Abe Nobutsugu, Sugiyama Masanori, Suzuki Yutaka, Yamaguchi Yasuharu, Yanagida Osamu, Masaki Tadahiko, Mori Toshiyuki, Atomi Yutaka
Department of Surgery, Kyorin University School of Medicine, 6-20-2 Shinkawa, Mitaka, Tokyo 181-8611, Japan.
Am J Surg. 2006 Feb;191(2):198-200. doi: 10.1016/j.amjsurg.2005.07.036.
Pancreatic fistula is a common complication of distal pancreatectomy (DP). Although various surgical procedures have been proposed for DP in an attempt to decrease the high incidence of pancreatic fistula, the prevention of pancreatic fistula remains a major problem in DP. Endoscopic pancreatic stenting for the treatment or prophylaxis of such a fistula has been rarely described.
We reviewed 9 patients who underwent preoperative endoscopic pancreatic stenting for the prophylaxis of pancreatic fistula development after DP.
Preoperative endoscopic pancreatic stenting was successfully performed with a 7F stent in all the 9 patients.
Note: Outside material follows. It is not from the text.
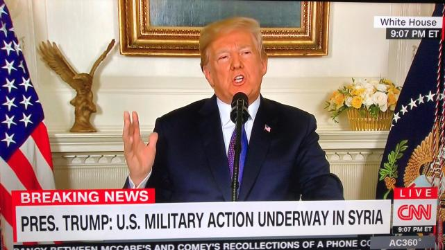 新华社记者14日凌晨在叙利亚首都大马士革听到空中传来巨大爆炸声,叙利亚国家电视台说美英法三国对叙利亚“发动了侵略”。 另据海外网援引路透社消息,当地时间14日,叙利亚首都大马士革发生多起爆炸,城市东部燃起烟雾。 据新华社快讯:美国总统特朗普13日晚宣布,美国已联合英国和法国对叙利亚军事设施实施精准打击。 特朗普在白宫外交办公室表示,“我命令美国武装部队,对与叙利亚总统巴沙尔·阿萨德(Bashar al-Assad)的化武目标进行精确打击。” 特朗普说,法国和英国也将参与袭击,他补充说,这次行动的目的是“对生产扩散和使用化学武器的行为建立强大的威慑力量”。 他说,“美国、英国和法国将整合我们所有军事、经济和外交力量,对这些暴行进行联合反应。” 再据华尔街见闻消息,据CNN,此次对叙利亚打击中已经出动了舰队和空军力量。 法国总统马克龙:下令军事加入打击叙利亚行动。 英国首相特雷莎·梅:已经授权使用武力在叙利亚实施有针对性的打击。打击是有限的,有目标的。做出这个决定是出于英国的国家利益。 而美联社报道指出,特朗普说,将持续对叙利亚进行轰炸,直到叙利亚政府停止使用化武攻击。 特朗普说:“我们准备在叙利亚政权停止使用被禁止的化学制剂之前,维持这种反应。” 另据《纽约时报》14日报道,联合国禁止化学武器组织调查团确认,叙利亚军队在进攻中投放了化学物质。对此,叙利亚坚决否认。 特朗普宣布对叙利亚实施精准打击 海外网4月14日电据今日俄罗斯报道,当地时间周五(13日)晚间,美国总统特朗普就叙利亚化学武器袭击事件发表讲话,宣布对叙利亚实施精确打击。 此前,叙利亚驻联合国大使巴沙尔·贾法里13日向西方国家撂话,称若西方发动攻击,叙利亚将别无选择对抗。贾法里告诉联合国安理会,这不是威胁,是保证。联合国秘书长古特雷斯(Antonio Guterres)则回应称,世界强权间紧张加剧,恐导致在叙利亚全面军事升温。古特雷斯还敦促安理会“在这种危险情势下,采取行动,做出反应”。 针对西方关于叙政府在东古塔地区发动化武袭击事件的猜测,贾法里当天还“申冤”称,有毒化学物质明明是在英美等国的帮助下被偷运入叙的。据海外网早前报道,贾法里当天严肃指出,在叙利亚内战中出现的有毒化学物质,都是在美国、英国、沙特、土耳其及法国的协助下,从利比亚非法运入叙利亚的。 贾法里强调,恐怖分子在很久以前就从利比亚得到了有毒化学物质,而这种行动得到了美国、沙特、土耳其及法国情报机构的帮助,他们利用民用航空公司把化学物质从利比亚转运至伊斯坦布尔。 叙利亚东古塔地区7日发生疑似化学武器袭击事件,导致70余人丧生。报道一出,叙利亚反对派、美国、英国、法国等纷纷指责叙政府军使用化学武器袭击无辜平民。但叙利亚坚决否认,并指责西方和叙反对派造谣,目的是保护被围困的恐怖分子。俄外交部则认为,该谣言旨在袒护恐怖分子,并为外部势力发动打击寻找借口。 在美国威胁要对叙利亚发动袭击,并已派遣航母战斗群前往欧洲和地中海的背景下,俄罗斯方面也没有坐以待毙。俄军事飞行监测中心监测到7架美海军侦察机日前抵近叙利亚东部海岸对俄军事基地进行侦察。 另外,根据最新的卫星图片显示,俄罗斯在叙利亚军事基地驻扎的海军舰队已离港驶向外海,这也被视为是俄罗斯海军为应对美国对叙打击而采取的措施。

Two patients, both with intraductal papillary mucinous tumor, developed mild acute pancreatitis after the stent placement. None of the 9 patients developed pancreatic fistula. The pancreatic stent was removed from 8 to 28 days (mean 11 days) postoperatively.
Preoperative endoscopic pancreatic stenting may be an effective prophylactic measure against pancreatic fistula development following DP in selected patients.
胰瘘是胰体尾切除术(DP)的常见并发症。尽管已经提出了各种手术方法来进行胰体尾切除术,试图降低胰瘘的高发生率,但胰瘘的预防仍然是胰体尾切除术中的一个主要问题。关于内镜下胰腺支架置入术用于治疗或预防此类瘘的报道很少。
我们回顾了9例接受术前内镜下胰腺支架置入术以预防胰体尾切除术后胰瘘发生的患者。
所有9例患者均成功置入7F支架进行术前内镜下胰腺支架置入术。2例均为导管内乳头状黏液瘤的患者在支架置入后发生轻度急性胰腺炎。9例患者均未发生胰瘘。术后8至28天(平均11天)取出胰腺支架。
对于部分患者,术前内镜下胰腺支架置入术可能是预防胰体尾切除术后胰瘘发生的有效措施。